== Listed records

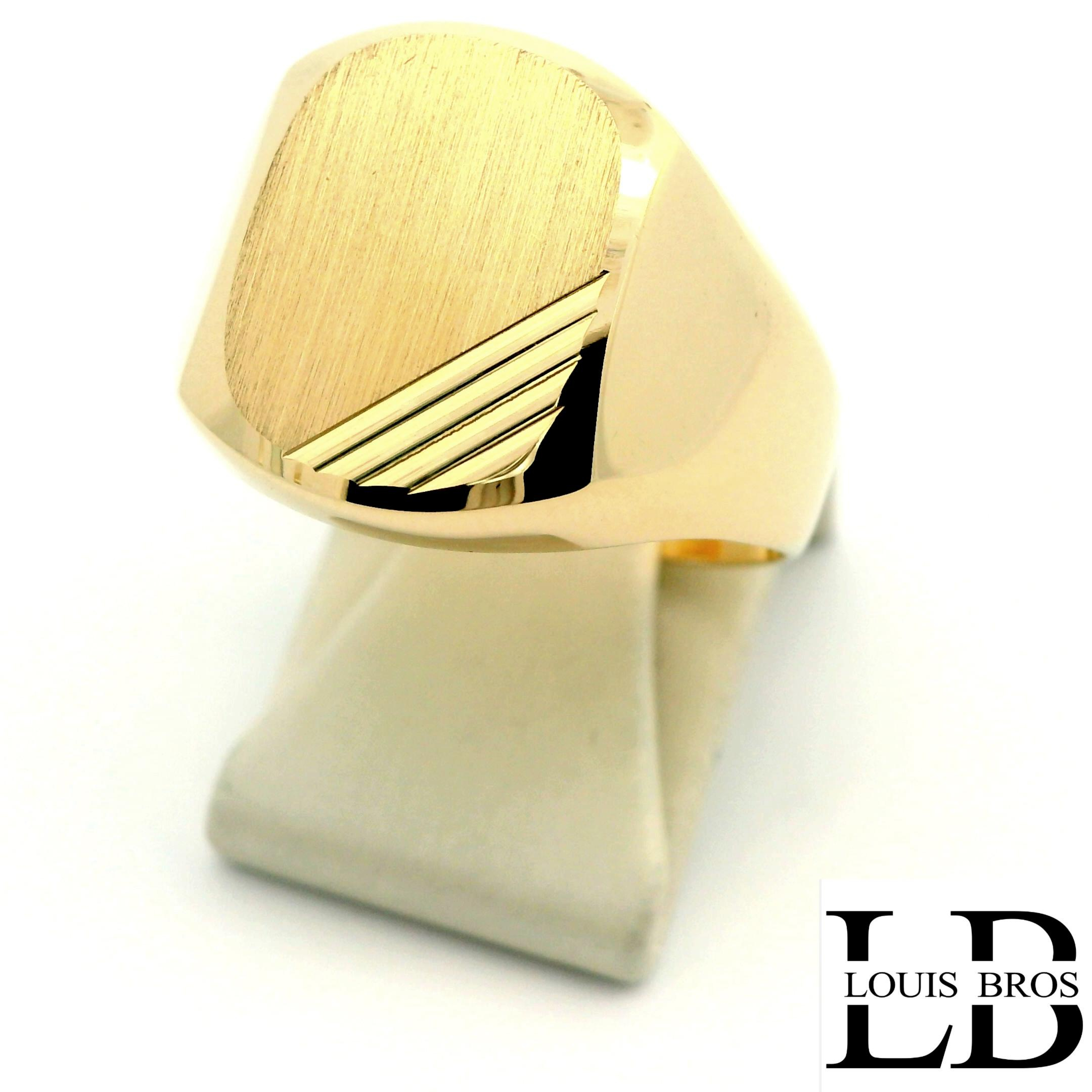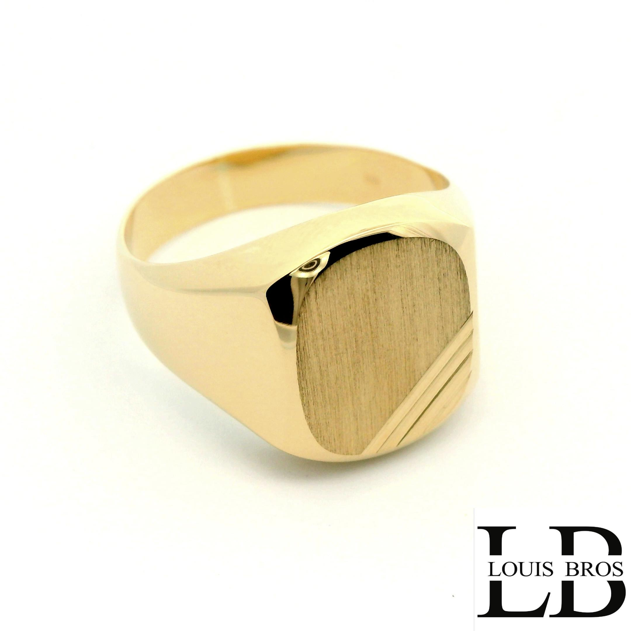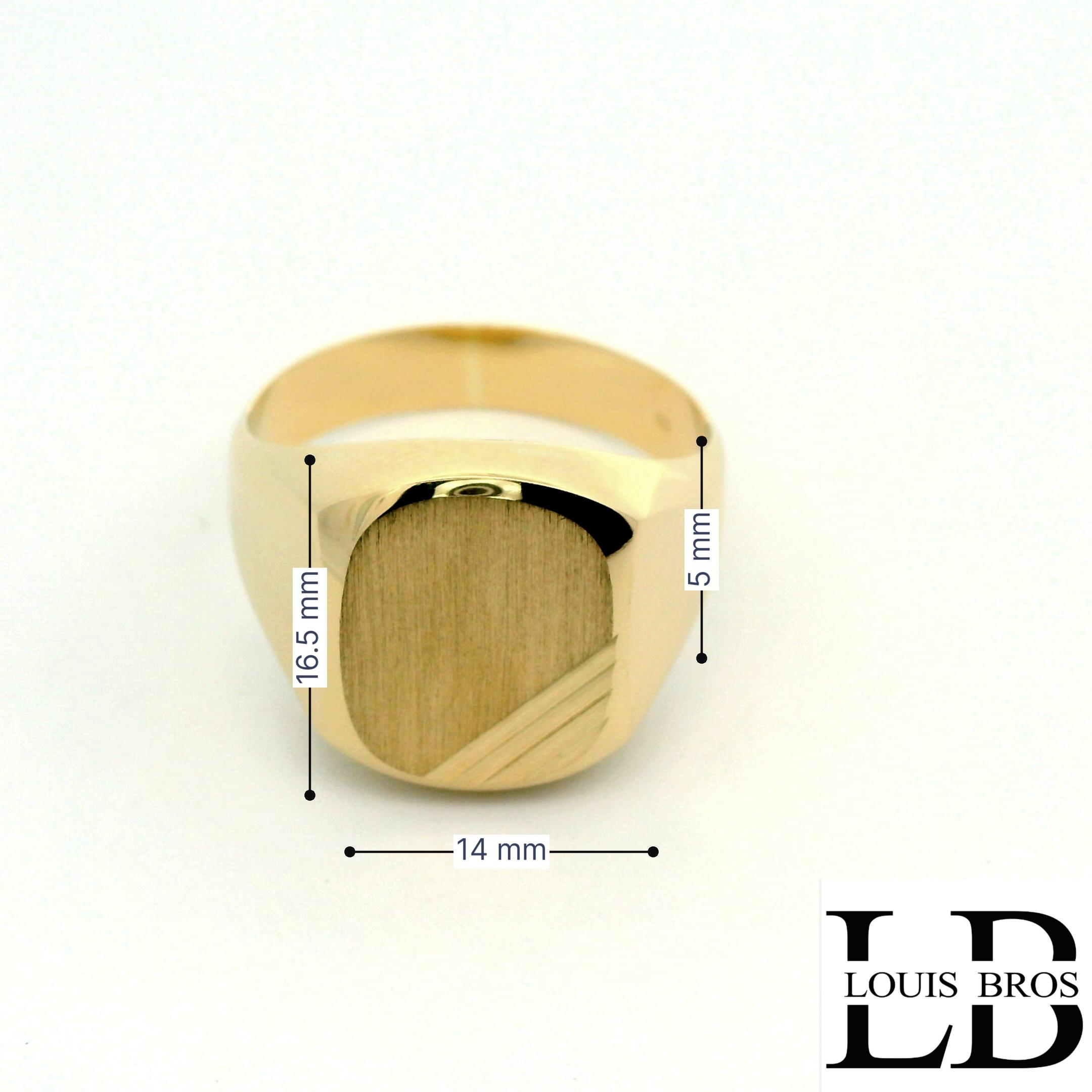 Deze heren zegelring van 14 karaat geelgoud (6.69 gr) heeft een krachtig en tijdloos ontwerp. De bovenkant van de ring is strak en mat geborsteld afgewerkt, wat zorgt voor een elegante en ingetogen uitstraling. Subtiele, schuin geplaatste lijnen aan de zijkant van de zegel geven de ring extra diepte en karakter, zonder het klassieke ontwerp te doorbreken. De solide vorm en comfortabele pasvorm maken deze ring uitermate geschikt voor dagelijks gebruik. Een klassieke zegelring voor de man die houdt van eenvoud, kwaliteit en vakmanschap.
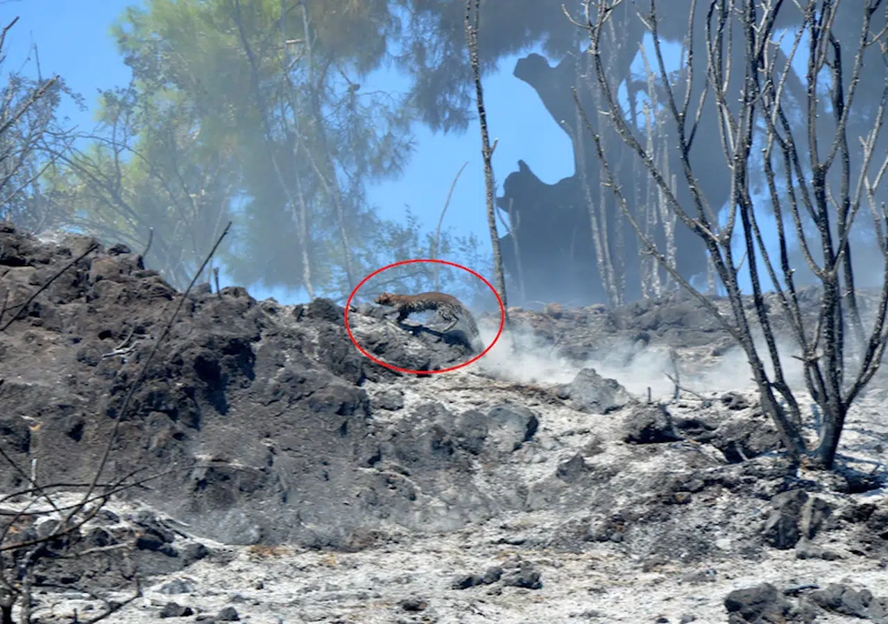 Yanan alanda, köz ve küllerin arasından kaçmaya çalışan sansar kameralara yansıdı. Jandarma yangınla ilgili inceleme başlattı. (DHA)
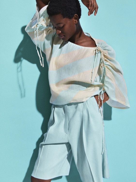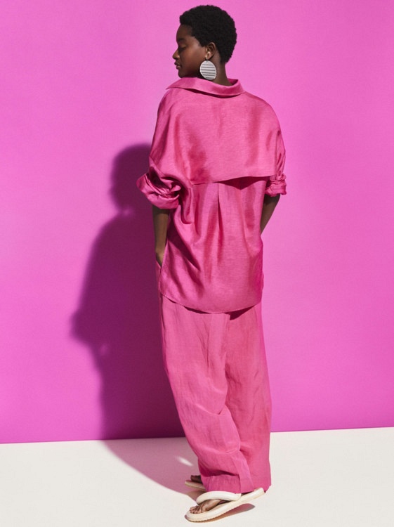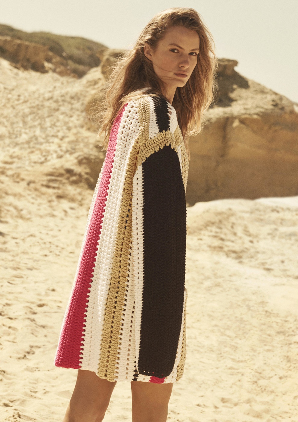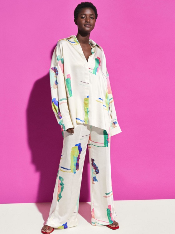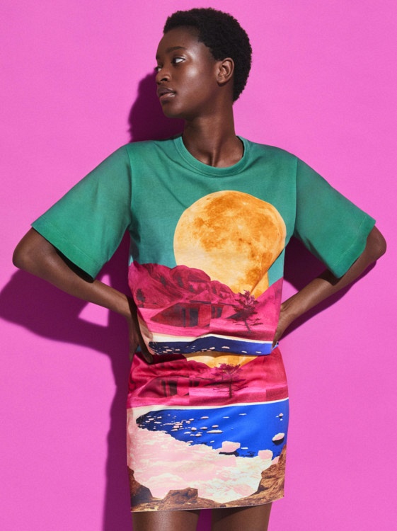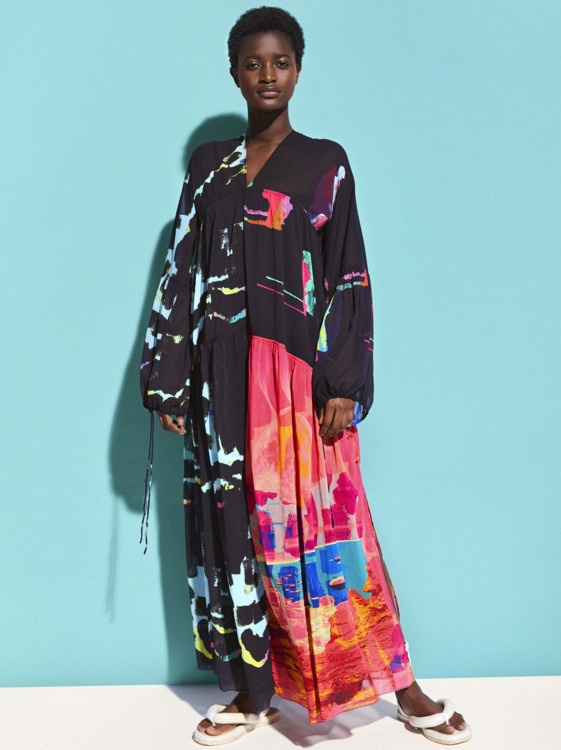 Нетривиальные силуэты и электрические цвета создают беззаботное настроение. Ключевые модели включают воздушное платье в оригинальном принте, полосатые кремовые джинсы, свитер крупной вязки в розовых, кремовых и черных полосах. Натуральные вискозно-льняные волокна придают вещам легкости, а переработанный полиэстер добавляет платьям невесомости.
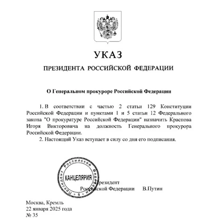 «Назначить Краснова Игоря Викторовича на должность генерального прокурора Российской Федерации», — сказано в документе. Указ вступает в силу со дня подписания.
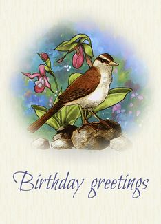 Birthday Greetings, General Happy Birthday, Sparrow and Ladyslippers
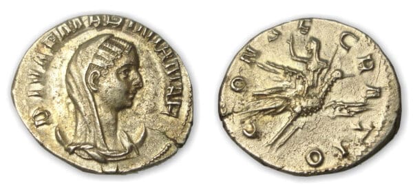 Revers : R/ CONSECRATIO Paon volant à droite enlevant Marianne au ciel.
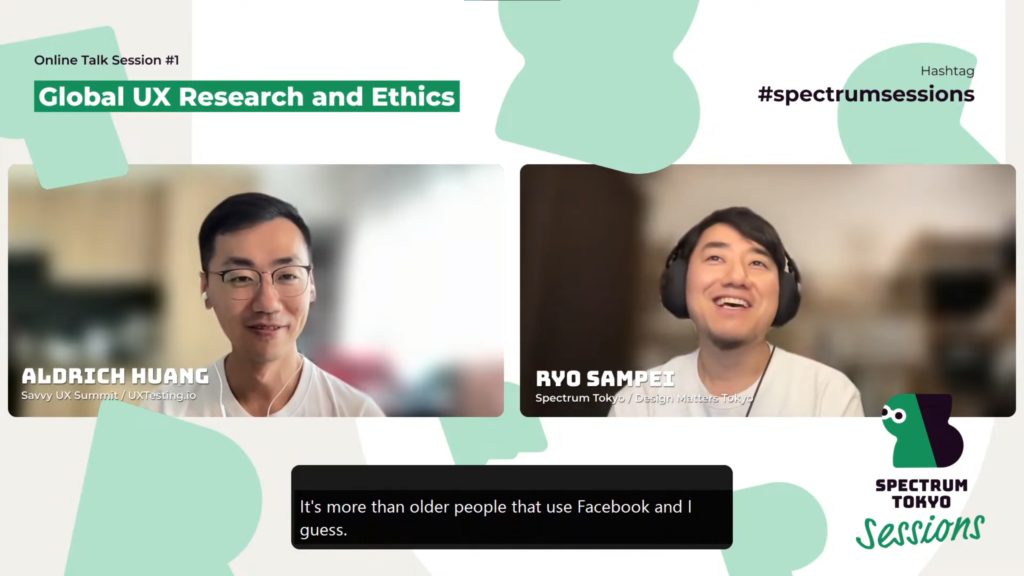Spectrum Tokyo初のオンラインイベント「Spectrum Tokyo Sessions」の記念すべき第一回は台湾出身のAldrich Huangさんをゲストに迎え、UXリサーチについてのオンライントークセッションを行いました。AldrichさんはグローバルなUXリサーチに特化した、米国の「UXTesting」という会社の代表を務めつつ、同じくグローバルなUXデザインカンファレンス「Savvy UX Summit」のオーナーでもあります。そんな彼の経験から、それぞれの国の特性や世界でリサーチをする際のコツ、そしてリサーチにおける倫理についてお話しいただきました。
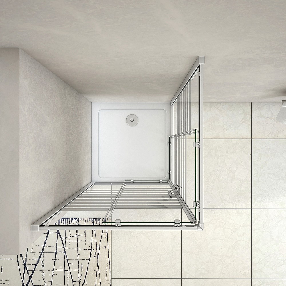 Porta de duche correr frontal e um Painel lateral Perfil cromado Vidro temperado 6mm (1175-1195)x(983-1003)x1950mm-AICA

====

▸ Task goal
With pictures excluded, the material is to be written out exactly as given.

▸ Exercise answer
 Deze heren zegelring van 14 karaat geelgoud (6.69 gr) heeft een krachtig en tijdloos ontwerp. De bovenkant van de ring is strak en mat geborsteld afgewerkt, wat zorgt voor een elegante en ingetogen uitstraling. Subtiele, schuin geplaatste lijnen aan de zijkant van de zegel geven de ring extra diepte en karakter, zonder het klassieke ontwerp te doorbreken. De solide vorm en comfortabele pasvorm maken deze ring uitermate geschikt voor dagelijks gebruik. Een klassieke zegelring voor de man die houdt van eenvoud, kwaliteit en vakmanschap.
 Yanan alanda, köz ve küllerin arasından kaçmaya çalışan sansar kameralara yansıdı. Jandarma yangınla ilgili inceleme başlattı. (DHA)
 Нетривиальные силуэты и электрические цвета создают беззаботное настроение. Ключевые модели включают воздушное платье в оригинальном принте, полосатые кремовые джинсы, свитер крупной вязки в розовых, кремовых и черных полосах. Натуральные вискозно-льняные волокна придают вещам легкости, а переработанный полиэстер добавляет платьям невесомости.
 «Назначить Краснова Игоря Викторовича на должность генерального прокурора Российской Федерации», — сказано в документе. Указ вступает в силу со дня подписания.
 Birthday Greetings, General Happy Birthday, Sparrow and Ladyslippers
 Revers : R/ CONSECRATIO Paon volant à droite enlevant Marianne au ciel.
Spectrum Tokyo初のオンラインイベント「Spectrum Tokyo Sessions」の記念すべき第一回は台湾出身のAldrich Huangさんをゲストに迎え、UXリサーチについてのオンライントークセッションを行いました。AldrichさんはグローバルなUXリサーチに特化した、米国の「UXTesting」という会社の代表を務めつつ、同じくグローバルなUXデザインカンファレンス「Savvy UX Summit」のオーナーでもあります。そんな彼の経験から、それぞれの国の特性や世界でリサーチをする際のコツ、そしてリサーチにおける倫理についてお話しいただきました。
 Porta de duche correr frontal e um Painel lateral Perfil cromado Vidro temperado 6mm (1175-1195)x(983-1003)x1950mm-AICA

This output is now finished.